What’s taking so long for the Ethereum ETF?

Stephen McBride | Editorial
June 11, 2024

This article appears courtesy of RiskHedge, LLC.

I’m back home after a great trip to Nashville and Boston. I’ll share some important insights from my trip with Disruption Investor members soon.

Today… let’s discuss the upcoming Ethereum (ETH) ETF.

Many RiskHedge readers are asking about it—and rightfully so, since the launch of the bitcoin (BTC) ETF led prices to double in a short period.

Will ETH see a similar surge?

  1. What’s taking so long?

As discussed, the US Securities and Exchange Commission (SEC) approved the Ethereum ETF two weeks ago.

But you still can’t buy it. What’s going on?

ETF approvals typically come in two stages. Ethereum passed the first one.

Now, ETF issuers like BlackRock (BLK) and Fidelity are busy working to complete the second stage. It’s an exercise in filling out paperwork, designed to make Wall Street lawyers rich.

The important thing is the debut of the ETH ETFs is a matter of “when,” not “if.” Our research suggests they should start trading within one month.

  1. Will the ETF launches move Ethereum’s price?

Yes. It’s a HUGE deal for Ethereum. The most important development since I started investing in crypto 5+ years ago.
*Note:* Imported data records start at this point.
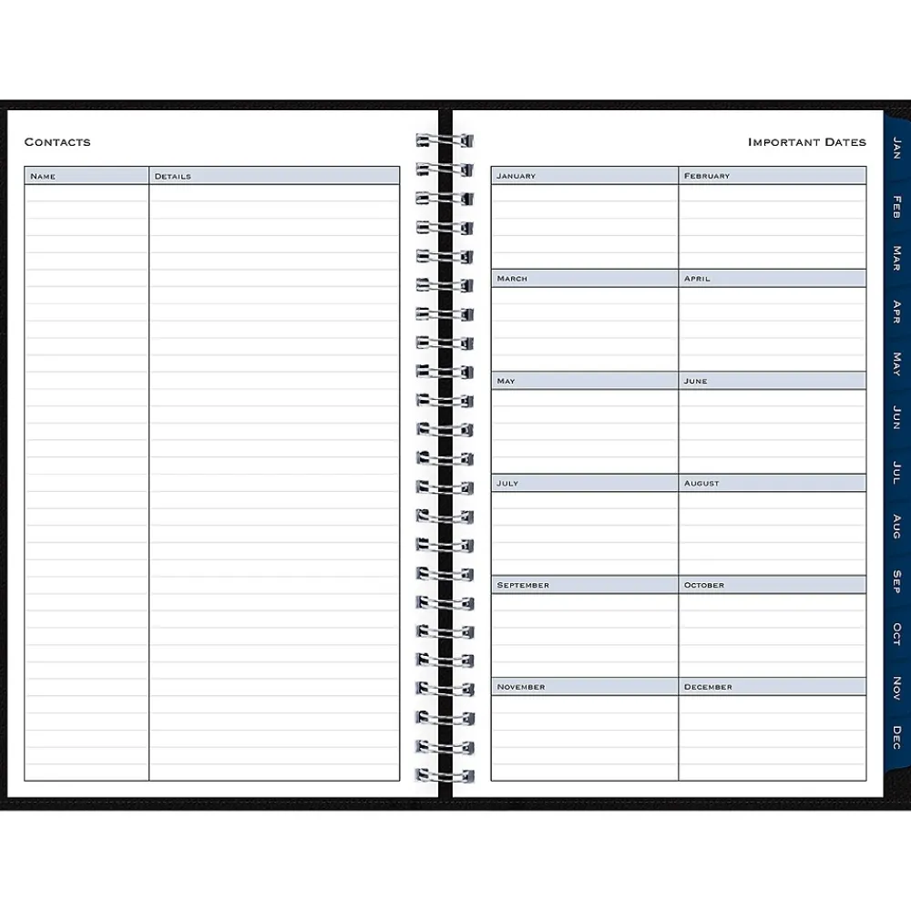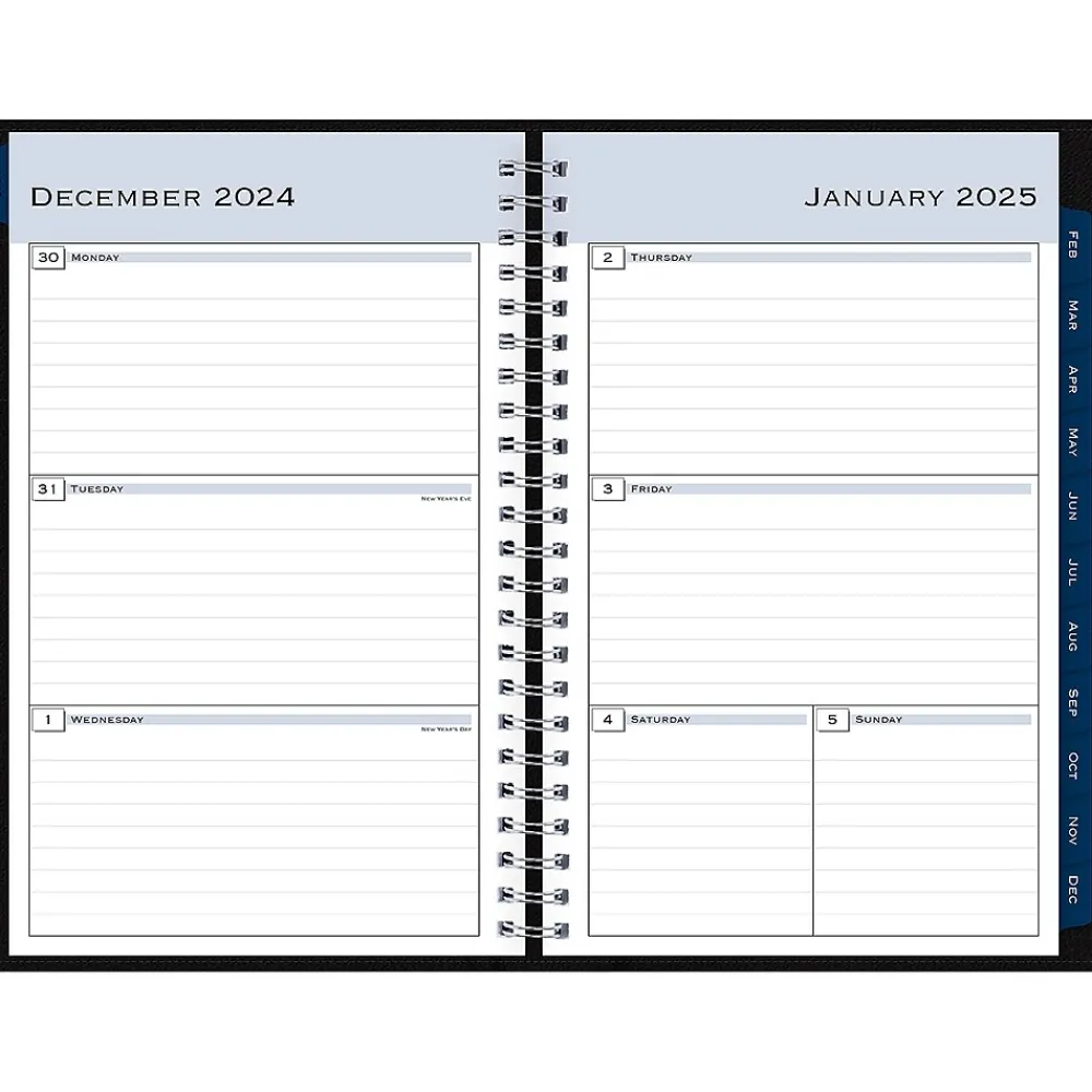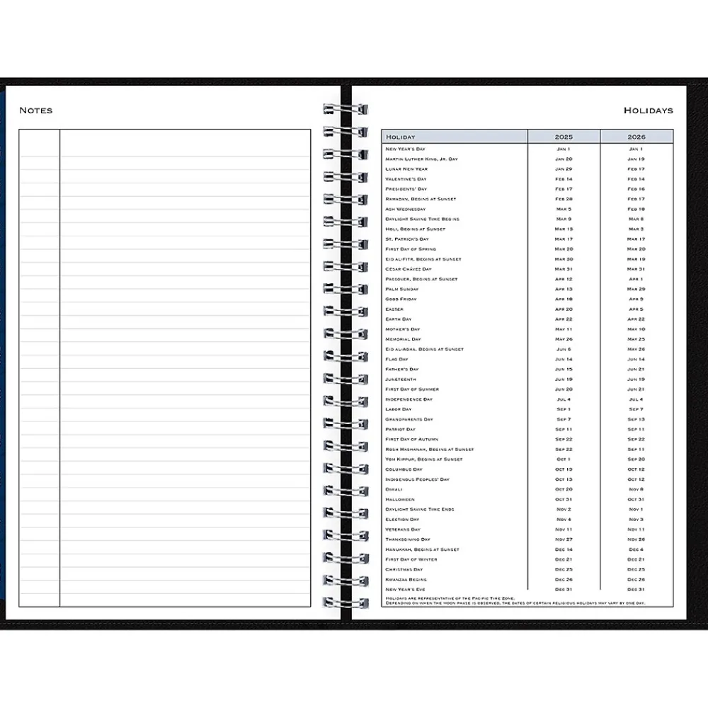 - Offers one week per two pages and one month per two pages, with space for notes and quick reference calendars
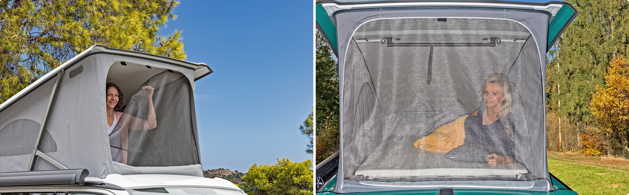 ISO-TOP MK VI peut rester en majeure partie installée dans le toit relevable : ce sont seulement la paroi de devant et la moustiquaire FLYOUT en option qu'il faut impérativement retirer avant de fermer le toit relevable.
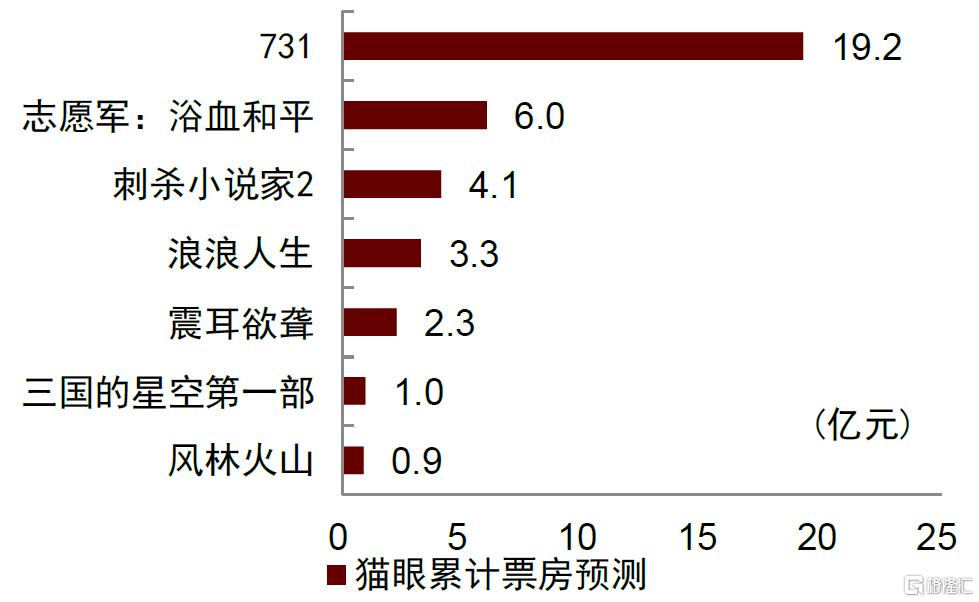 根据艺恩数据,2025年国庆档(10月1日~10月7日)前7天总票房17.3亿元(10月8日上午10时统计,含服务费,下同),同比去年7天总票房下降17.8%,中金研究预计全档期8天票房或低于此前预期的中性情形下的28亿元。影片《志愿军:浴血和平》累计票房超4亿元,位列第一。
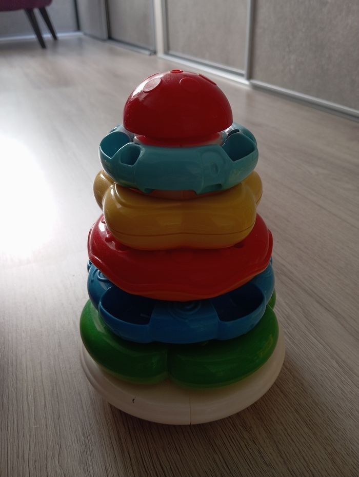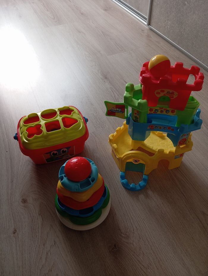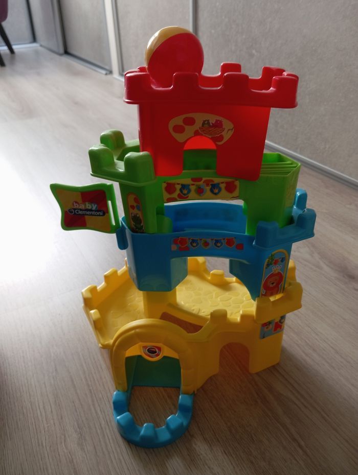 Château Roule-Boule, anneaux et trieur de forme. Le Château Roule-Boule de Clementoni est un jouet amusant pour les tout-petits. Il suffit de déposer la balle en haut du château et de la regarder dévaler les étages. La balle est suffisamment grosse pour que bébé l'attrape facilement. Ce jouet développe les capacités manuelles et la relation de cause à effet. Un panier trieur de formes avec 6 formes différentes à discerner et à insérer. Chaque forme est d'une couleur différente et présente un chiffre sur le dessus. La poignée pivotante permet de transporter facilement le panier mais aussi de verrouiller le couvercle. Stimule la coordination main-œil, la compréhension des relations de cause à effet et les habiletés manuelles. 5 anneaux colorés de différentes formes et tailles, à empiler sur une tour. Les anneaux sont conçus avec des reliefs différents qui stimulent la perception tactile des enfants durant leurs premiers mois. Stimule la motricité fine et la perception visuelle. Aide l'enfant à reconnaître les couleurs, les formes et à percevoir les tailles.

Just look at how bitcoin (BTC) has performed since its ETF launched on January 10. It’s up more than 50%:

In less than six months, BlackRock’s bitcoin ETF raked in $17 billion in assets. We’ve never, ever seen anything like this in ETF land.

Why do ETFs matter?

They introduce the “infinite bid” into crypto.

When tens of millions of Americans get paid every other week, they buy stocks on autopilot through retirement accounts. This creates a continuous demand for stocks and constant upward pressure on prices.

Crypto lacked this “infinite bid”… until the ETFs arrived. Now, many of the world’s largest money managers are having their clients buy and hold BTC in their 401(k)s.

 

Just as billions of dollars poured into bitcoin once it got its ETF, the same will happen for Ethereum.

And remember, Ethereum is only about one-third the size of bitcoin. That means it takes less money to move its price.

I think Ethereum could attract around 20% of the inflows bitcoin got. What will happen when billions of dollars that were previously walled off flows into Ethereum? Much higher prices, I expect.

ETH has surged 25% since the ETF news broke. I think we’re only getting warmed up.

  1. Will this open the floodgates for more crypto ETFs?

Unlikely.

Not to be a Debbie Downer, but it’ll be a while before more crypto ETFs get the green light.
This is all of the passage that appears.